Terahertz channel power and BER performance in rain

TL;DR

This study investigates how rainfall affects terahertz communication channels, focusing on power attenuation and BER performance through measurements and models, highlighting the importance of adaptive strategies for reliable 6G networks.

Contribution

It provides the first comprehensive measurement and theoretical analysis of rain effects on THz channels at 220-230 GHz, combining experimental data with analytical models.

Findings

Rain causes significant power attenuation but minimal multipath scattering.

QAM modulation outperforms other schemes in rainy conditions.

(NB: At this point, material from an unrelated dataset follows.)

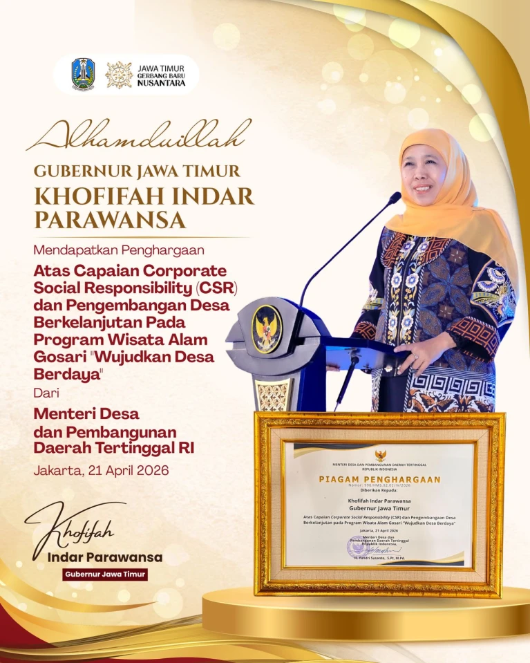 LITERASIKU.ID – Surabaya, 24 April 2026 – Gubernur Jawa Timur Khofifah Indar Parawansa menerima penghargaan Corporate Social Responsibility (CSR) dan Pengembangan Desa Berkelanjutan (PDB) Award 2026 dari Kementerian Desa dan Pembangunan Daerah Tertinggal. Penghargaan ini diraih melalui keberhasilan Program Wisata Alam Gosari bertajuk “Wujudkan Desa Berdaya”.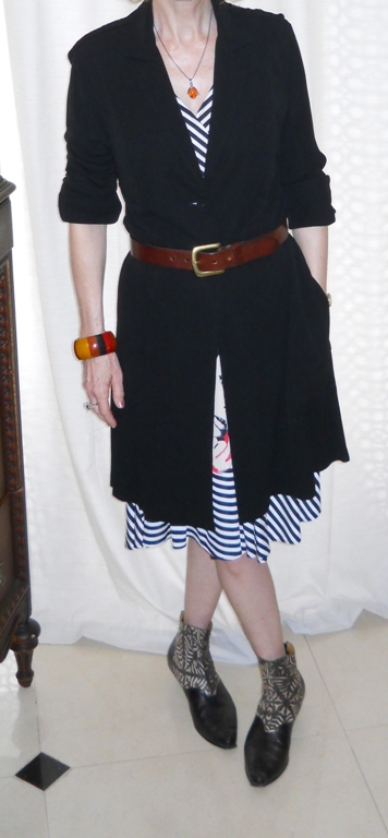 I love the blazer over the dress and how the stripes are just revealed beneath the black – very chic!

Power loss varies with rain rate and droplet size distribution.

Abstract

Terahertz (THz) communications have emerged as a promising technology for 6G networks due to their potential for achieving terabit-per-second data rates. However, the impact of rainfall on THz channel characteristics remains incompletely understood, particularly regarding power attenuation mechanisms and bit error rate (BER) performance. This article presents a systematic measurement-based and theoretical investigation of line-of-sight (LoS) THz channel behavior under rainfall conditions, methodically examining both power attenuation mechanisms and bit error rate (BER) performance. Our experimental campaign, conducted at frequencies of 220-230 GHz over a 54-meter outdoor channel, is complemented by analytical frameworks incorporating ITU-R and Mie scattering models. The study reveals that while rain induces significant power attenuation, multipath scattering effects remain minimal, with Rician K-factors maintaining high values. Notably, we observe substantial variations in power loss under constant rain rates, attributed to dynamic changes in raindrop size distribution. Comparative analysis demonstrates superior BER performance of Quadrature Amplitude Modulation (QAM) in rainfall conditions, while revealing increased environmental sensitivity at higher frequencies. These findings underscore the necessity for adaptive modulation schemes and strategic frequency planning in future THz communication systems.